Invité par Europe 1 ce matin, Arnaud Montebourg a a priori révélé un peu trop en avance que Numericable avait finalement obtenu un accord pour acheter SFR. Jusque-là, c’est l’offre de Bouygues Telecom qui jouait les rôles de favori, mais le ministre du Redressement productif a déclaré : « J’ai cru comprendre que les dirigeants de Vivendi ont décidé coûte que coûte de vendre SFR à Numericable ». Notons toutefois que la décision n’a pas encore été prise : le conseil de surveillance de Vivendi doit prendre une décision aujourd’hui quant à l’avenir de l’opérateur.
[MàJ 14/03/2014 14h13] : l'information est désormais officielle.
Le ministre n’a pas manqué de critiquer le choix de SFR et reste ainsi sur ses positions. Indiquant que cette décision allait poser problème, il a relevé plusieurs problèmes, à commencer par la taille de Numericable. Le câblo-opérateur est, de fait, beaucoup plus petit que SFR et Arnaud Montebourg laisse entendre que l’endettement nécessaire (à hauteur de dix milliards d’euros) pour acheter l’opérateur au carré rouge pourrait mettre en danger l’entreprise. Il a par ailleurs critiqué assez violemment la technologie utilisée par Numericable :
La fibre est ce qui va permettre aux Français d’avoir un Giga chez eux et de lutter contre la fracture numérique. Nous n’avons pas besoin de câble, qui est le système d’avant, mais de fibre qui est la technologie du futur.
Ce qui le gêne d’abord, c’est toutefois le problème de la concurrence.
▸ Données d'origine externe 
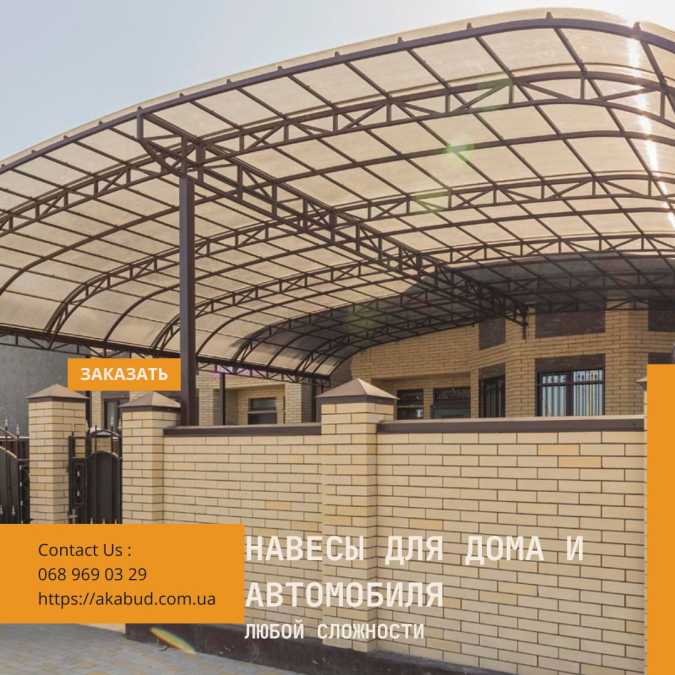 Навіси для авто, тераси, зони відпочинку; арочні, односхилі, двосхилі; полікарбонат, метал, кування. Автонавіс Кривий Ріг. Замовити, купити навіс на авто. Автомобільні навіси у Кривому Розі. Автонавіси Кривий Ріг. Виробництво навісів від компанії Akabud.

Contrairement à l'ARCEP, le gouvernement, explique-t-il, reste « favorable à un retour à trois opérateurs. », ce qu’aurait permis l’acquisition de SFR par Bouygues Telecom. Si Numericable finit par acheter SFR, on restera à quatre opérateurs, puisque l’opérateur de Martin Bouygues ne pourra pas acheter SFR, ce qui signifie aussi que Free ne pourra pas reprendre une partie du réseau mobile de Bouygues Telecom. L’accord signé entre les deux entreprises posait en effet comme condition préalable l’acquisition de SFR par Bouygues (lire : Free achète le réseau de Bouygues pour pas grand-chose (1,8 milliard d’euros)).
Dernier point soulevé par le ministre, la fiscalité : Numericable est une entreprise française à l’origine, mais elle est aujourd’hui basée au Luxembourg et cotée à la bourse d’Amsterdam. Et Arnaud Montebourg de se faire menaçant : « Il faut que monsieur Drahi [PDG de Numericable, Ndlr] rapatrie l’ensemble de ses possessions et de ses biens en France et nous aurons des questions fiscales à lui poser »
Si les informations du ministre du Redressement productif sont exactes et si Numericable finit bien par acheter SFR, c’est d’abord un camouflet pour Arnaud Montebourg qui s’était personnellement engagé en faveur de Bouygues Telecom. Ce dernier n’est pas dans la meilleure posture non plus : l’opérateur comptait beaucoup sur la récupération de SFR pour se constituer un réseau fixe digne de ce nom. À défaut, il doit compter sur l’accord signé avec Numericable, qui deviendra a priori un concurrent également sur le mobile.
Free est également perdant et il suffit, pour s’en convaincre, de lire cette interview de Xavier Niel pendant laquelle il s’attache longuement à défendre Bouygues Telecom et attaquer Numericable. Le PDG a également attaqué le réseau câble de l’opérateur, le qualifiant de « Canada Dry de la fibre » et même de « technologie haussmannienne ». Il critique aussi le manque d’investissements de Numericable (40 millions d’euros dans la fibre selon lui), mais aussi son endettement élevé et même sa politique sociale, faisant planer la menace de licenciements en masse chez SFR après l’acquisition.
Même si Xavier Niel a quelques arguments recevables contre Numericable, il convient aussi de relever que le câblo-opérateur est complémentaire de SFR, alors que Bouygues Telecom était beaucoup plus similaire. Le nouveau propriétaire du carré rouge peut compter sur un réseau de boutiques extrêmement dense qui lui manque aujourd’hui, par exemple.
Numericable profitera naturellement d’un excellent réseau mobile qui reste parmi les meilleurs en France, même si SFR a pris un peu de retard en 4G. À l’inverse, et quoi qu’en disent Arnaud Montebourg et Xavier Niel, le réseau câblé fournit plus de connexions rapides que ses concurrents. Et s’il est, de fait, souvent vétuste, il fonctionne malgré tout très bien et devrait offrir de meilleurs débits encore à l’avenir (lire : Numericable va généraliser le gigabit au troisième trimestre).